NEW YORK CITY - MADISON AVENUE
With total foot traffic down 47% since 2019, this small collection of neighborhoods that form the bulk of the Madison Avenue shopping area is experiencing a flat recovery with a slight upwards trend. Luxury retailers are well behind the recovery curve.
Summing up our retail foot traffic data analysis
As the U.S. approaches Black Friday 2020, an examination of the available human mobility data makes three things clear.
First, no major urban center is impervious to the negative effects of the COVID-19 pandemic. Foot traffic in big cities everywhere is down dramatically, with a few neighborhood anomalies of resilience, and a small handful of retail brands that have found early resilience.

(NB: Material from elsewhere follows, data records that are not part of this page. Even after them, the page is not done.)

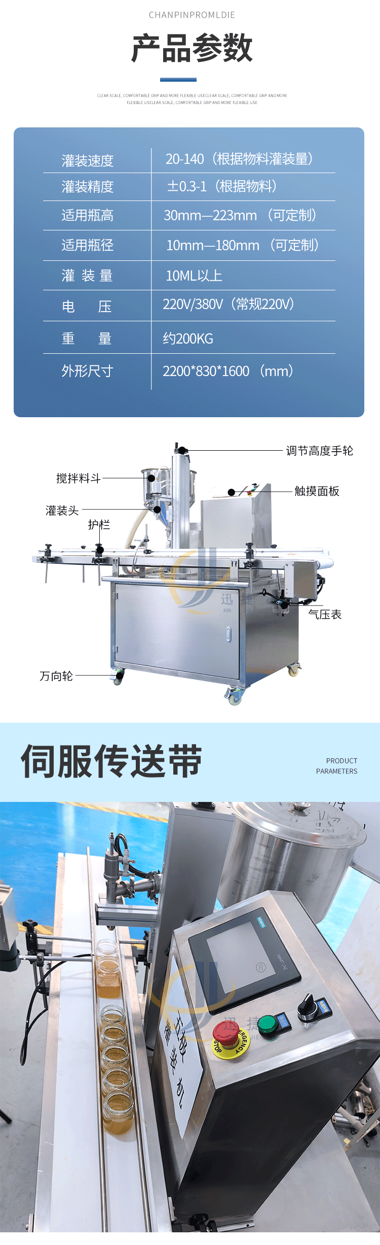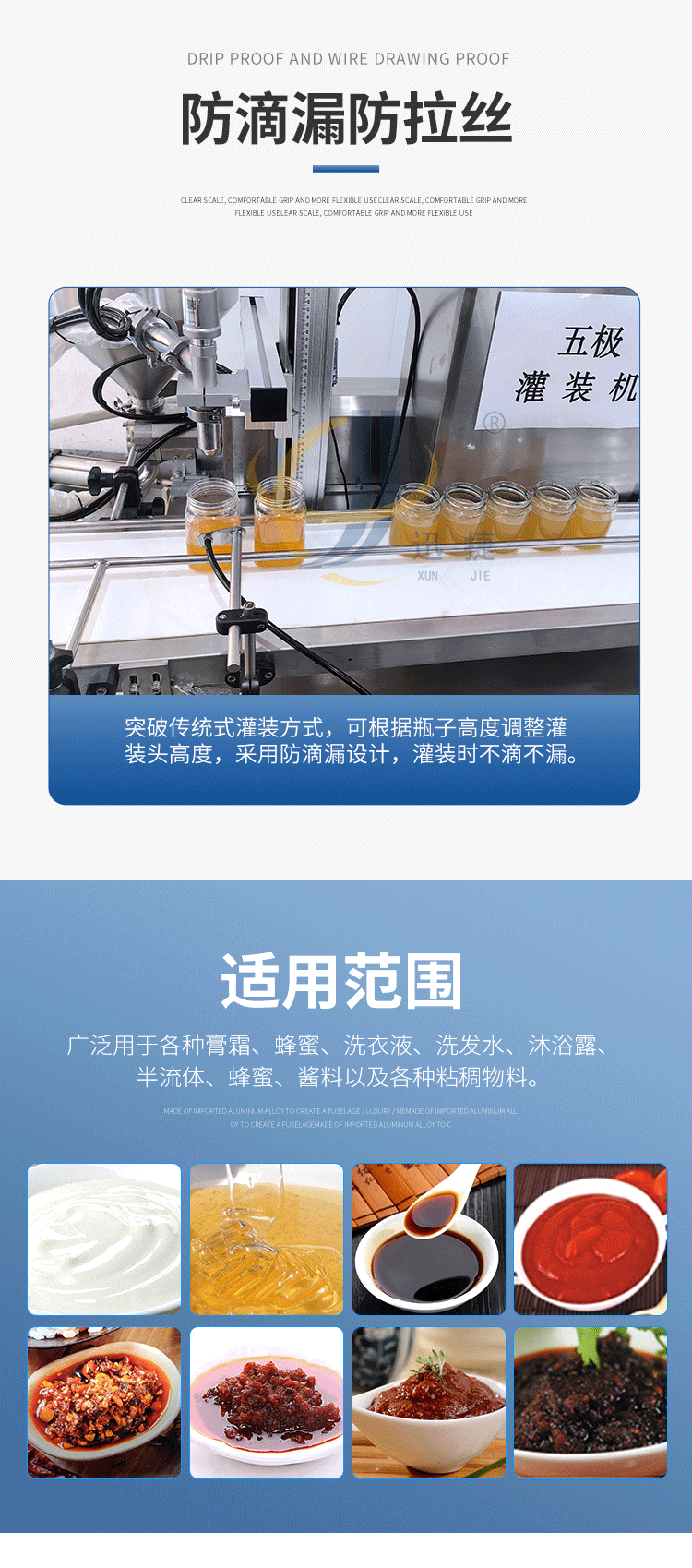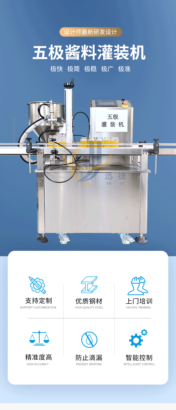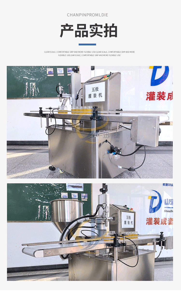 五極灌裝機(jī):極快-單頭2200瓶/時(shí) 極簡(jiǎn)-操作簡(jiǎn)單 極廣-啥啥都能灌 極穩(wěn)-24小時(shí)不停機(jī)  極準(zhǔn)-200g誤差小于1g。它可以和真空旋蓋機(jī)搭配使用。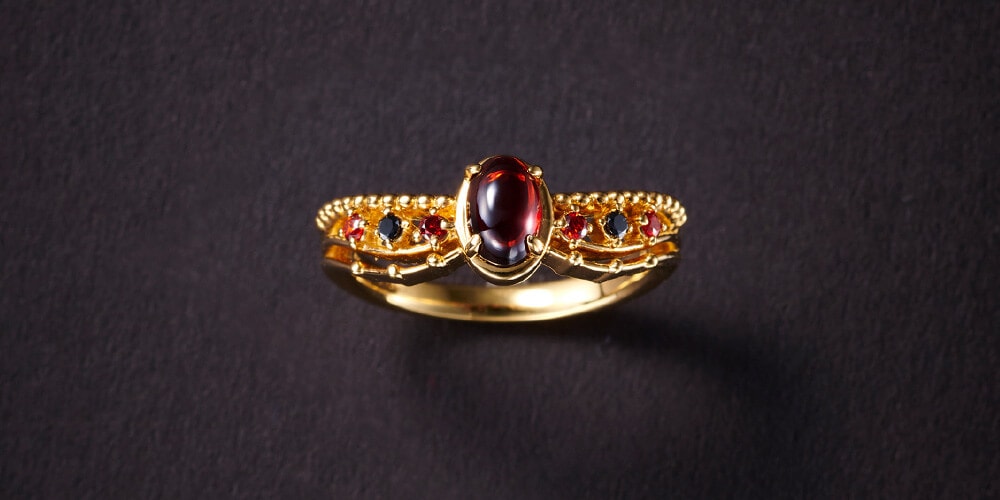 「カリム」の髪飾りをイメージしたリング。髪飾りにも使用されている丸みのある赤いストーンをメインに、緩やかで繊細なラインと寮カラーのストーンを均等に配置したアシンメトリーデザイン。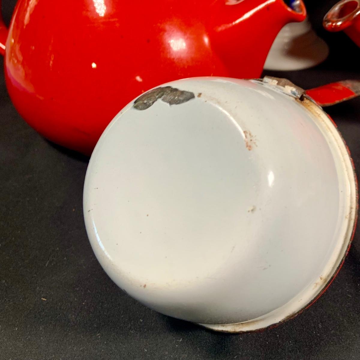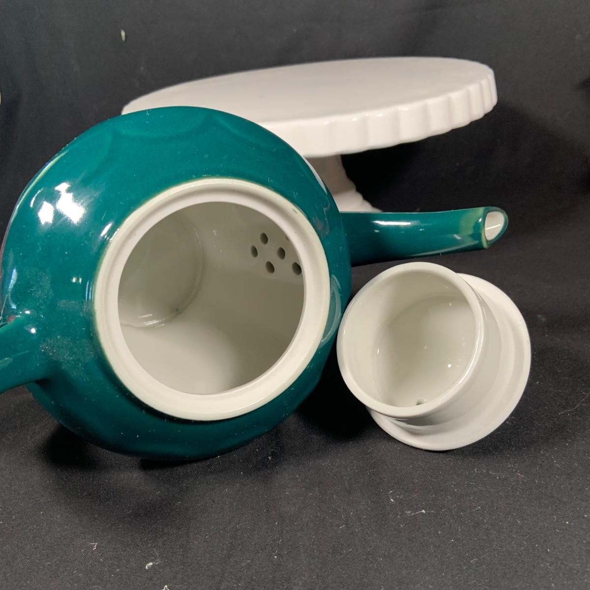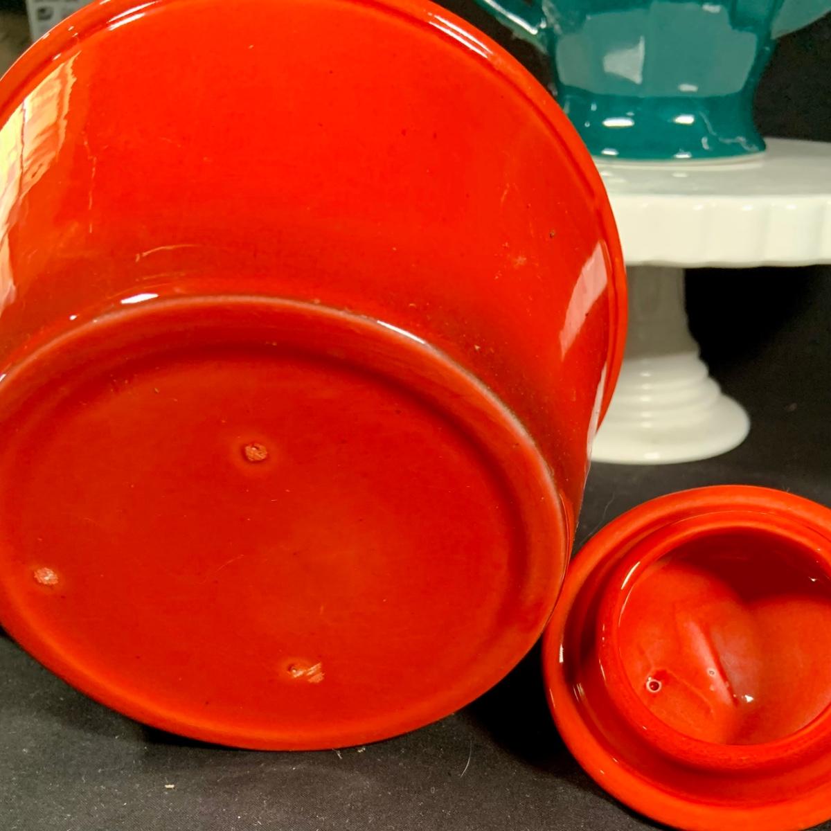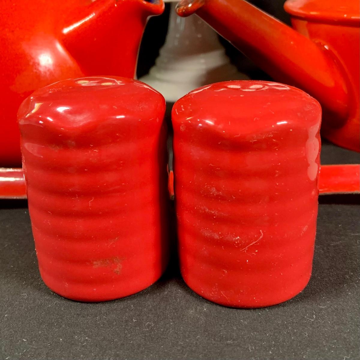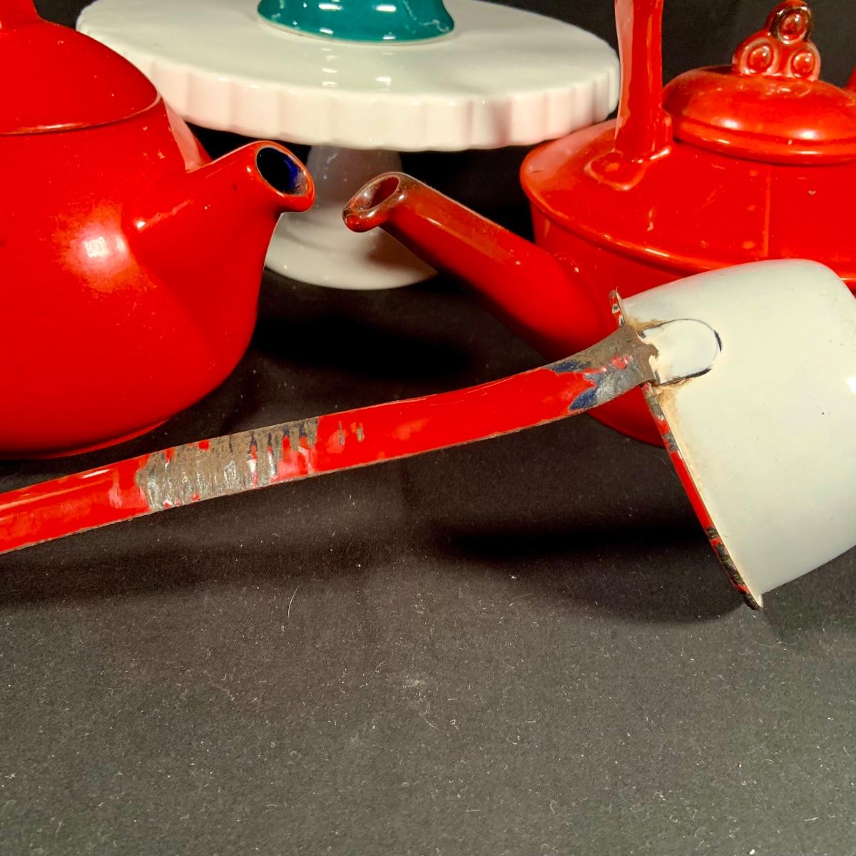 LOT:27: Vintage Teapots Featuring Hall and Others, a Metal Ladle, Salt and Pepper Shakers and Cake Plate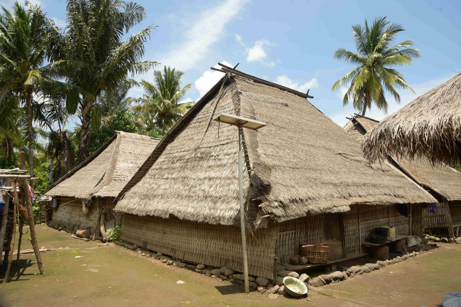 Cahaya senja menyapa, menyeruak di balik rimbunnya pepohonan dan rapatnya bangunan rumah di Dusun Kecinan, Desa Malaka, Kecamatan Pemenang, Kabupaten Lombok Utara. Dari ratusan rumah berdinding kalsibot dan beratapkan spandek khas rumah bantuan gempa Lombok, berdiri kokoh beberapa rumah panggung setinggi enam sampai tujuh meter.

Second, when looking at the relative foot traffic of luxury brands compared to their slightly down market competitors, it is clear that some luxury shopping areas now show signs of being at a tipping point. As the affluent migrate from these areas and are replaced, we’ll likely see some luxury brands in these five areas replaced by more affordable brands.
Third, it is difficult to ignore the glaring discrepancy between the Union Square neighborhood and the others we have studied. While Madison Avenue, the Oak District, the Bal Harbour Shops and Rodeo Drive have all recovered half or more of their foot traffic, Union Square is a ghost town. That the Givenchy store location has found a way to grow their traffic over last year is impressive. However, it’s not an indication that luxury brands have a bright future in Union Square.
The more probable path ahead for most urban shopping destinations is a shift in the local market towards lower-priced retail options, a decrease in rent for CRE leaseholders, and a slow but steady shift of buying power away from urban centers and towards smaller cities and towns.